Uncertainty and Intuition
The best advice I've gotten came from myself, four years ago
read time 3 minutes
Earlier this week, I had my first call with a student through NYU’s mentorship program. Right away she said: “I have no idea what I want to do, but I’d love your help figuring that out.”
That alone caught me, but then she kept going - I’m interested in philosophy, creativity, art, technology. I don’t know how to pick one.
I almost laughed. Not at her, but because I’d heard that voice before. Mine at 22 (and sometimes today).
When you’re a multi-passionate individual, uncertainty hits different. It’s not just “what do I want to do?” It’s “how do I choose when everything interests me and none of it fits neatly into one job title or industry?” That was my exact problem eight years ago when I moved to the US for my degree. It was my problem when I finished undergrad, my masters, and it’s still my problem now. It also turns out I’m not alone.

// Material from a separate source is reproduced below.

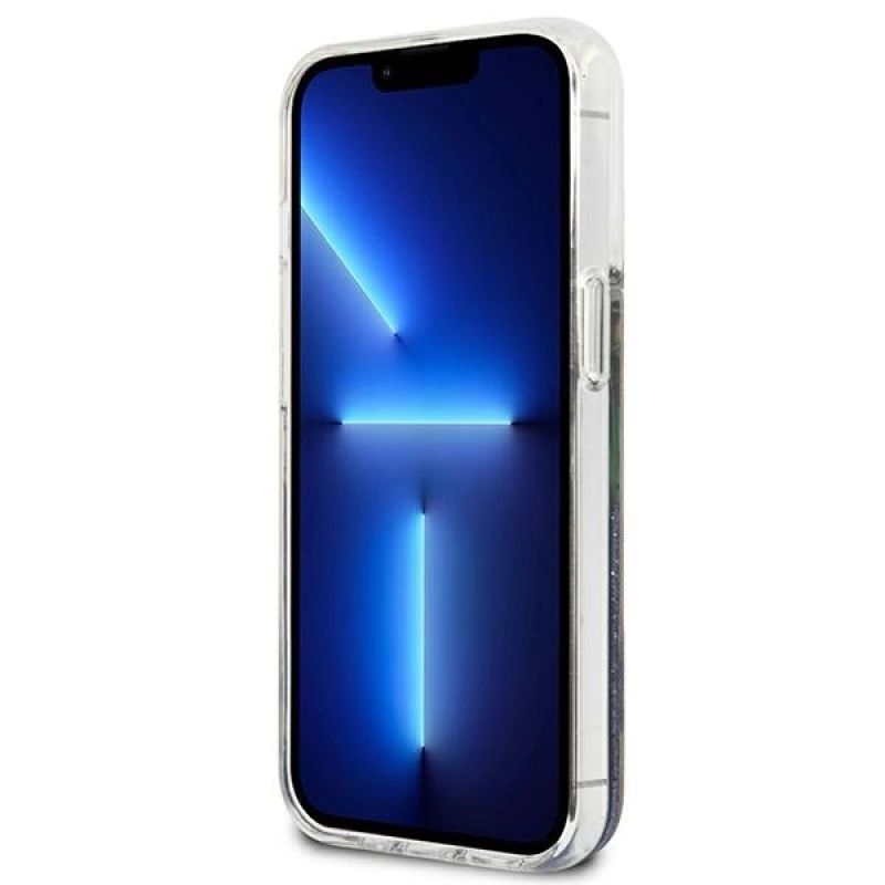 Etui Guess Flower Liquid Glitter na iPhone 13 mini - niebieskie

After the call, I went back through my LinkedIn looking for something I knew I’d written. I found it - a post from four years ago, right before I graduated:
“It’s okay not to know. I didn’t know what university I would get into, I didn’t know where I would find a job... All I know is that I have a better understanding of what I don’t want - which means I am a step closer to understanding what I deserve.”

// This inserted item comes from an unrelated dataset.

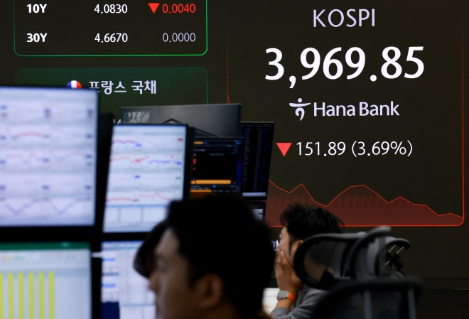 코스피는 전날 미 뉴욕증권서래소(NYSE)에서의 기술주 급락의 여파를 고스란히 맞으며 이날 장 초반 4% 넘게 하락했다. 코스피는 3900선까지 내려앉으며 7거래일 만에 장중 4000선을 내줬다.

146 people reacted to that, I think because it was honest. I also think I needed to hear it again more than my mentee did.
Four years later, I’ve done things I’m proud of. I shipped Gen-AI search at Walmart. I’m building AI agents at Adobe. I’m speaking at a conference next month. I run a newsletter. I coach aspiring PMs. By any external measure, the uncertainty should be gone by now.

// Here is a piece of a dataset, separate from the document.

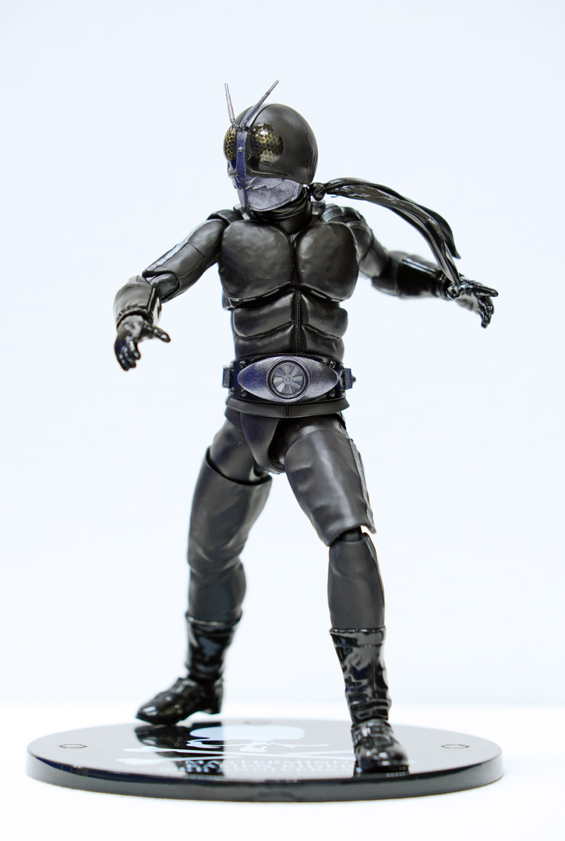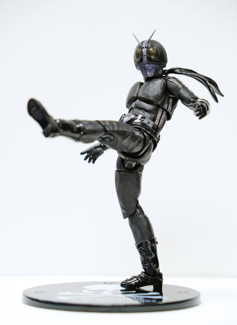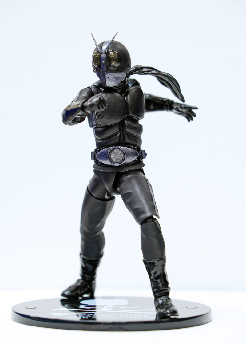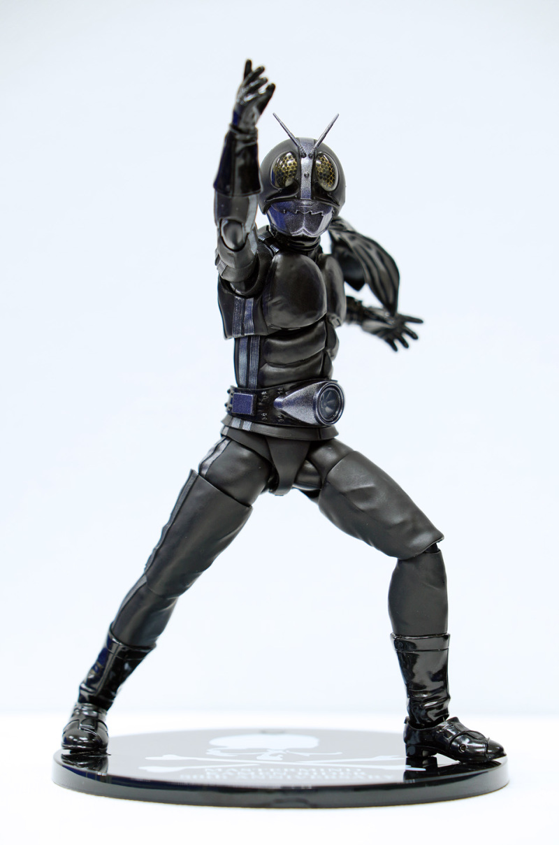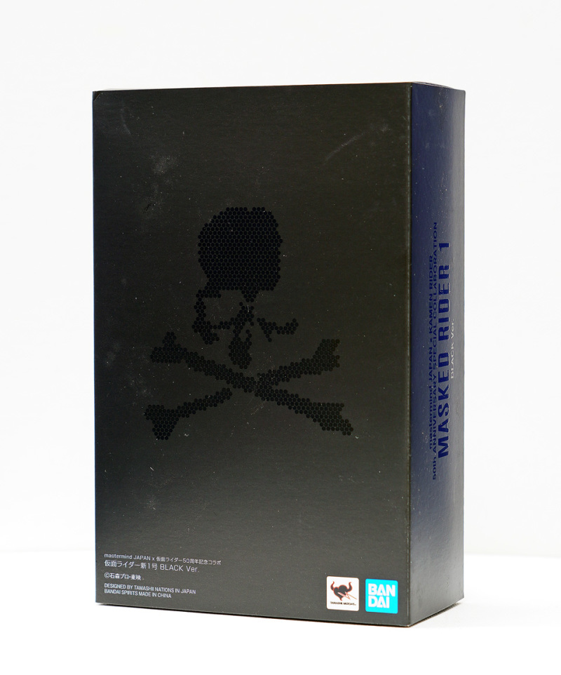 新一號全高約 145mm。整體造型、規格、可動設計基本與過去推出的版本相同,而塗裝配色則採用 Mastermind 的黑、灰、銀配色,另運用了深淺配色帶來更突出的形象。同時配件中還附上印有「 Kamen Rider x masterMIND 50周年記念台座」(否則你也不會入吧)。真骨雕的外型還原了皮套的外觀。QC 合格,頭盔有輕微溢色!全身各部分關節可動性不俗,想擺劇中任何姿勢也不用擔心。太棒了!

It’s not. If anything, it's expanded.
The more I do things I actually want to do and say no to the things I don’t, the more doors appear - and they keep getting more exciting. There’s growing certainty about the broader direction, but still total uncertainty about which specific door to walk through. None of them have signs on them.
AI is also redrawing the boundaries of every role I know. I could lean deeper into engineering or move toward design. I could go all in on creative work, on writing or content. I could build Product Rookies into a real business. The more experience I accumulate, the more doors appear.
The difference between me at 22 and me now isn’t that I have answers. It’s that I have better instruments. Every role, every project, every environment I’ve walked into and walked out of added signal. A feel for what gives me energy vs what drains it, what I’ll fight for vs what I’ll tolerate, or what I’m building toward vs what I’m just doing.
I think that’s what intuition actually is. It doesn’t feel like a flash of insight. It’s accumulated evidence from lived experience, forming so slowly you don’t notice until someone asks you a question and you realize you already know your answer.
Here's what I've come to believe about uncertainty: you don't solve it by looking forward. Not by mapping every possible career path, or comparing yourself to people who seem like they figured it out, or optimizing for what looks right from the outside. The answer isn't ahead of you. It's behind you - in the pattern of what you've said yes to, what you've said no to, and what that trail is telling you about who you're becoming.
My mentee doesn’t know what she wants to do and neither did I. Neither do I, fully, right now. But I’m closer than I was four years ago.
I told her the same thing I told myself at 22: choose intentionally and pay attention to what you eliminate. That’s your compass building itself.